> **Listed records**:
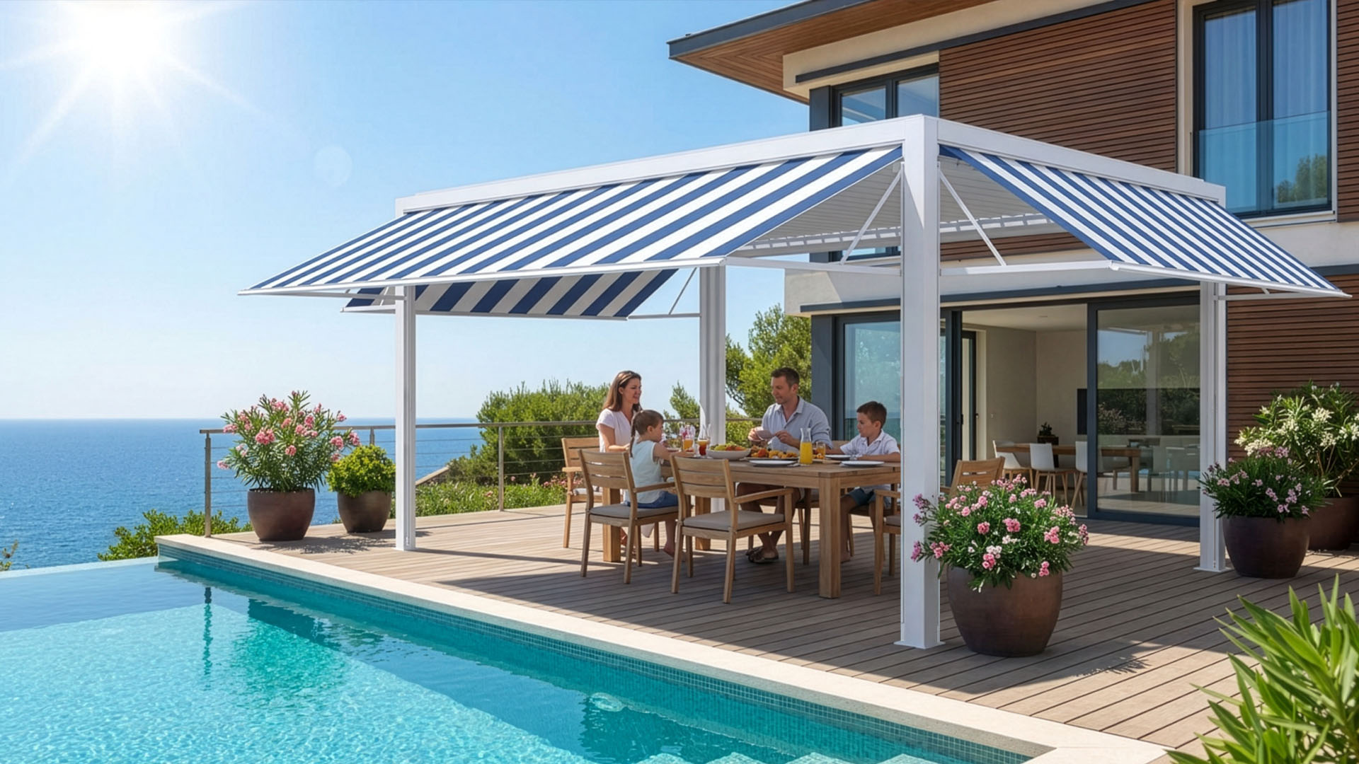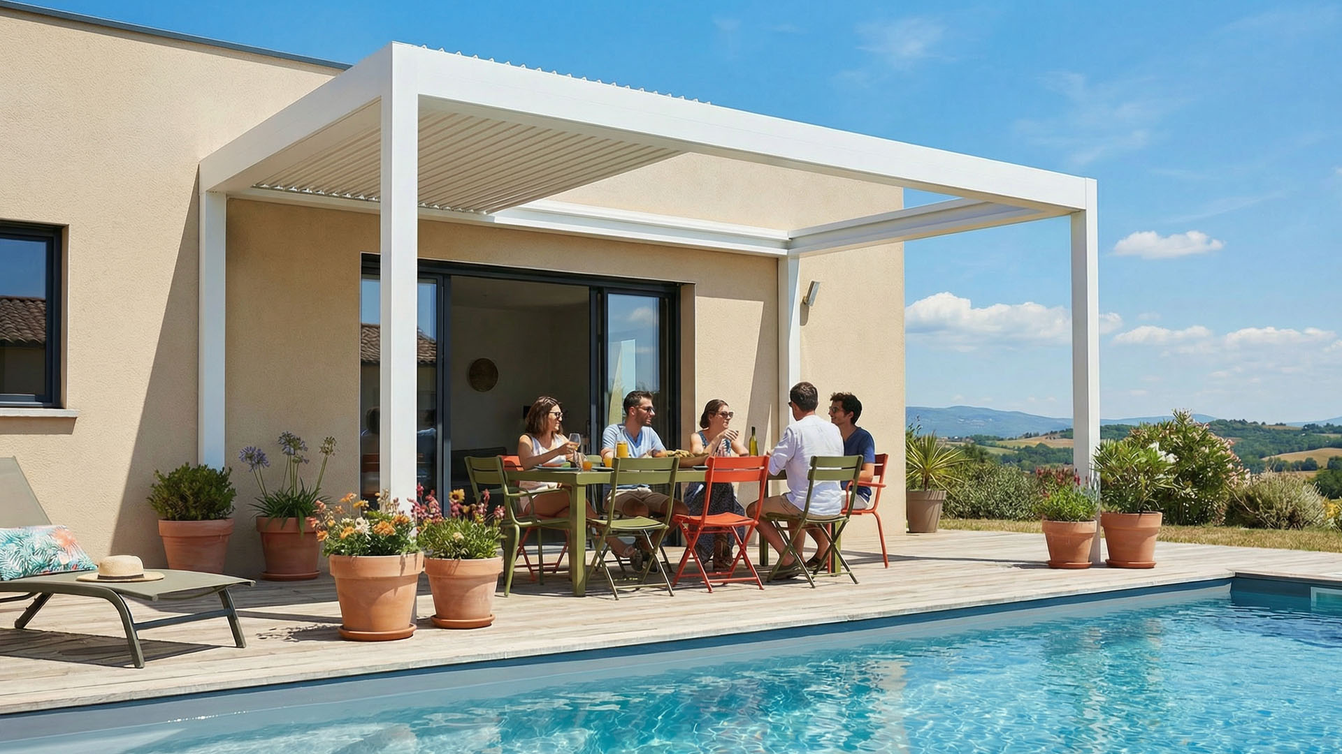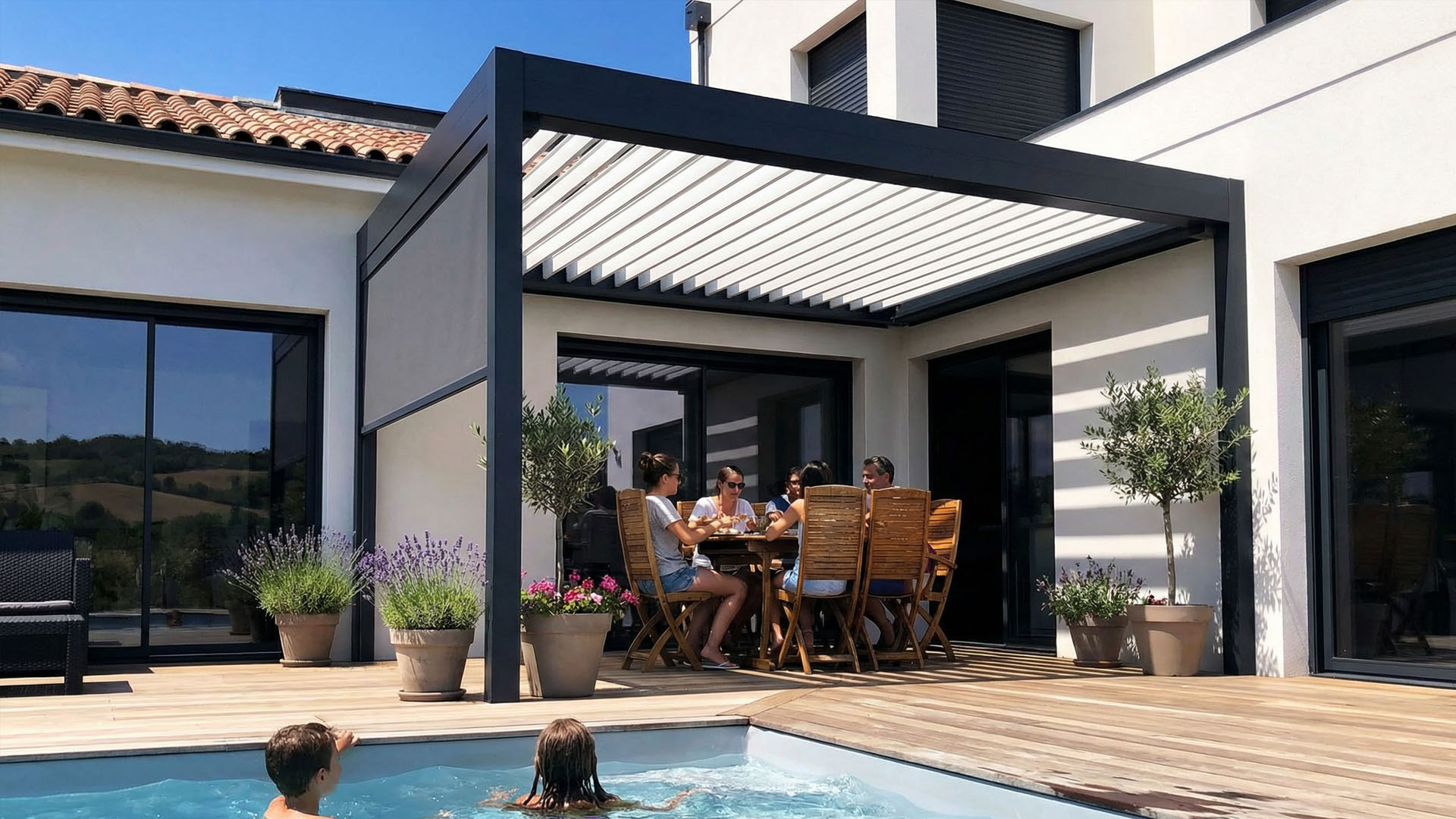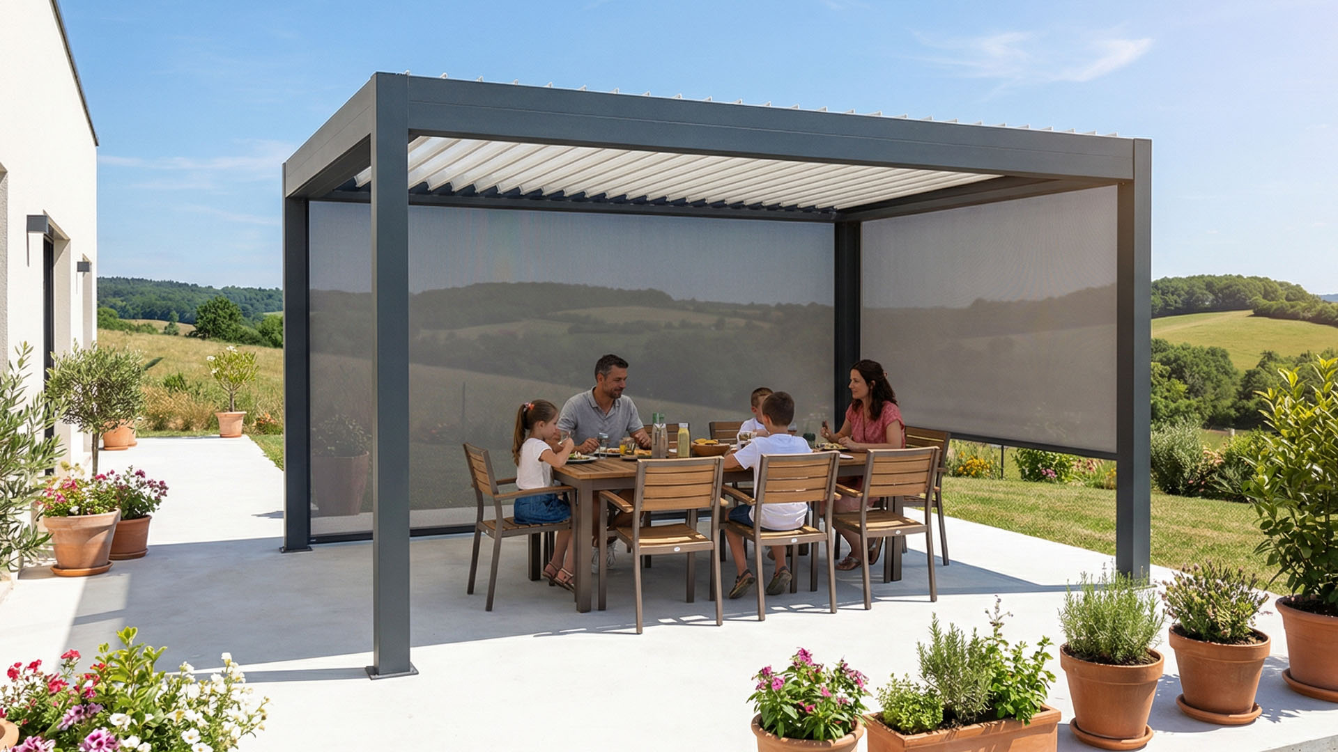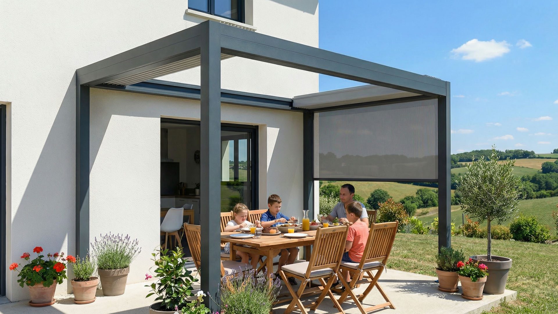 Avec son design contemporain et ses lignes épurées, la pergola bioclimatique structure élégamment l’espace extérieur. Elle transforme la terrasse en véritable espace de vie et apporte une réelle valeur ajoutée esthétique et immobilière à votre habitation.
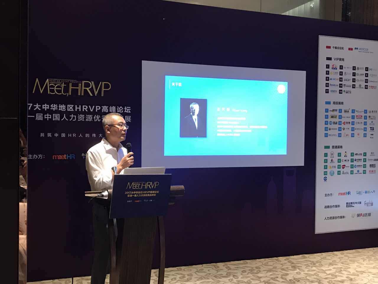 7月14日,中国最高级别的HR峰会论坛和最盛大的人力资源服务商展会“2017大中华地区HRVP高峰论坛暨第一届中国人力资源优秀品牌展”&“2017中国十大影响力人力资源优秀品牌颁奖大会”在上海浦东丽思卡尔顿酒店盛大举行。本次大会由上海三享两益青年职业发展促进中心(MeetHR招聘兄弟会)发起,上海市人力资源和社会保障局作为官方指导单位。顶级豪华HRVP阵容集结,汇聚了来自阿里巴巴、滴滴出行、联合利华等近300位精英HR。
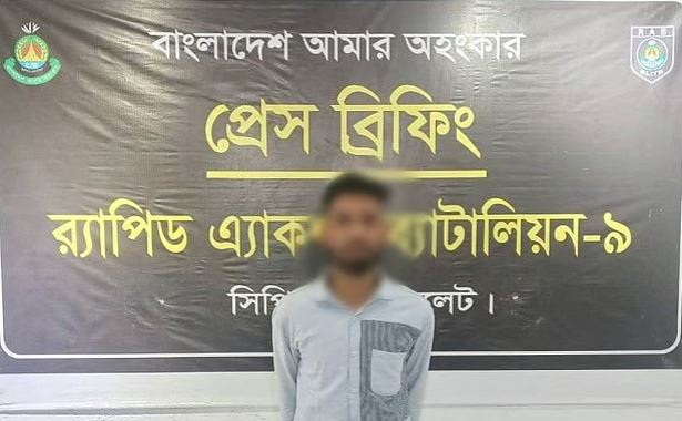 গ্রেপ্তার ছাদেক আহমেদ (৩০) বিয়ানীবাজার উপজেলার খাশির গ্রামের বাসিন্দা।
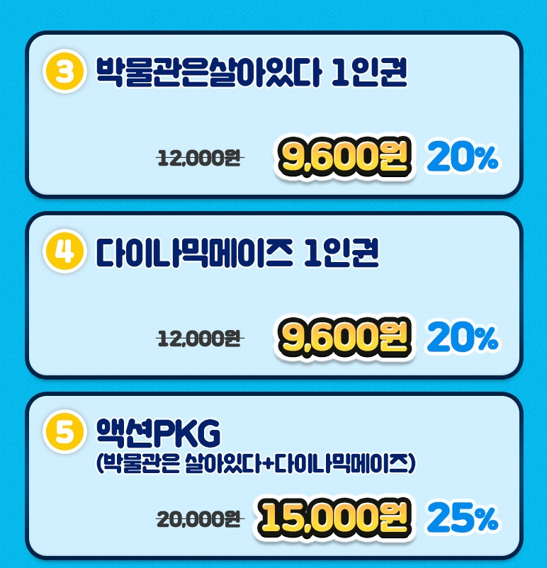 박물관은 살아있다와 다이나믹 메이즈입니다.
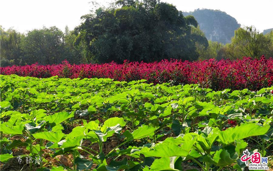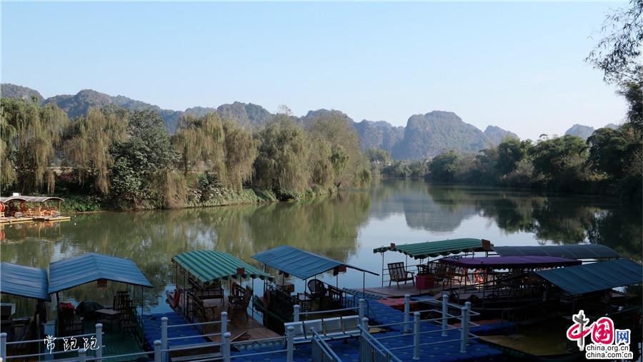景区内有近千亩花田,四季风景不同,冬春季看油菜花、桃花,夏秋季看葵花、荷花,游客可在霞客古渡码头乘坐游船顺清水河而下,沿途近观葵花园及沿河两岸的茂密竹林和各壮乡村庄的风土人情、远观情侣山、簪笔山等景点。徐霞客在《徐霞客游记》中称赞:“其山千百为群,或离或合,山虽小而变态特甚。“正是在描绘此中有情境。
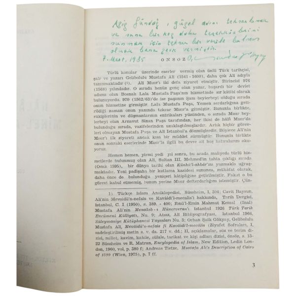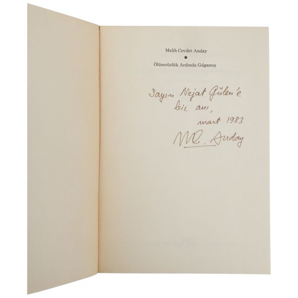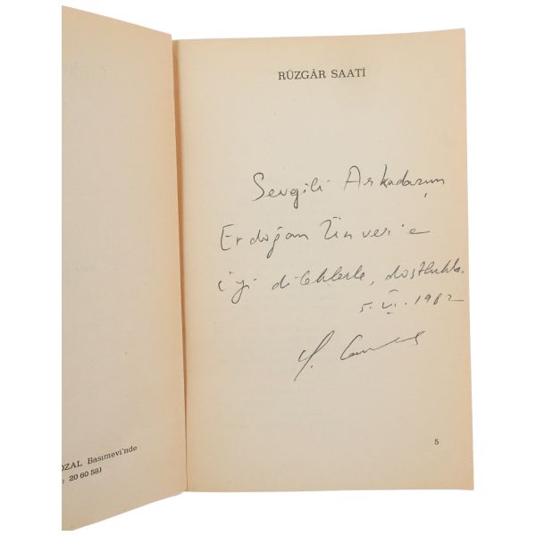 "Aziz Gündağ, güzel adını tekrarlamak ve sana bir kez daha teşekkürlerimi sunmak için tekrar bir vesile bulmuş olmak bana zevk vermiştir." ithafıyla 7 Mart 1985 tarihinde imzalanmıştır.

> **Task details**:
Output the data exactly as it is, with the pictures dropped.

> **Response to this exercise**:
 Avec son design contemporain et ses lignes épurées, la pergola bioclimatique structure élégamment l’espace extérieur. Elle transforme la terrasse en véritable espace de vie et apporte une réelle valeur ajoutée esthétique et immobilière à votre habitation.
 7月14日,中国最高级别的HR峰会论坛和最盛大的人力资源服务商展会“2017大中华地区HRVP高峰论坛暨第一届中国人力资源优秀品牌展”&“2017中国十大影响力人力资源优秀品牌颁奖大会”在上海浦东丽思卡尔顿酒店盛大举行。本次大会由上海三享两益青年职业发展促进中心(MeetHR招聘兄弟会)发起,上海市人力资源和社会保障局作为官方指导单位。顶级豪华HRVP阵容集结,汇聚了来自阿里巴巴、滴滴出行、联合利华等近300位精英HR。
 গ্রেপ্তার ছাদেক আহমেদ (৩০) বিয়ানীবাজার উপজেলার খাশির গ্রামের বাসিন্দা।
 박물관은 살아있다와 다이나믹 메이즈입니다.
景区内有近千亩花田,四季风景不同,冬春季看油菜花、桃花,夏秋季看葵花、荷花,游客可在霞客古渡码头乘坐游船顺清水河而下,沿途近观葵花园及沿河两岸的茂密竹林和各壮乡村庄的风土人情、远观情侣山、簪笔山等景点。徐霞客在《徐霞客游记》中称赞:“其山千百为群,或离或合,山虽小而变态特甚。“正是在描绘此中有情境。
 "Aziz Gündağ, güzel adını tekrarlamak ve sana bir kez daha teşekkürlerimi sunmak için tekrar bir vesile bulmuş olmak bana zevk vermiştir." ithafıyla 7 Mart 1985 tarihinde imzalanmıştır.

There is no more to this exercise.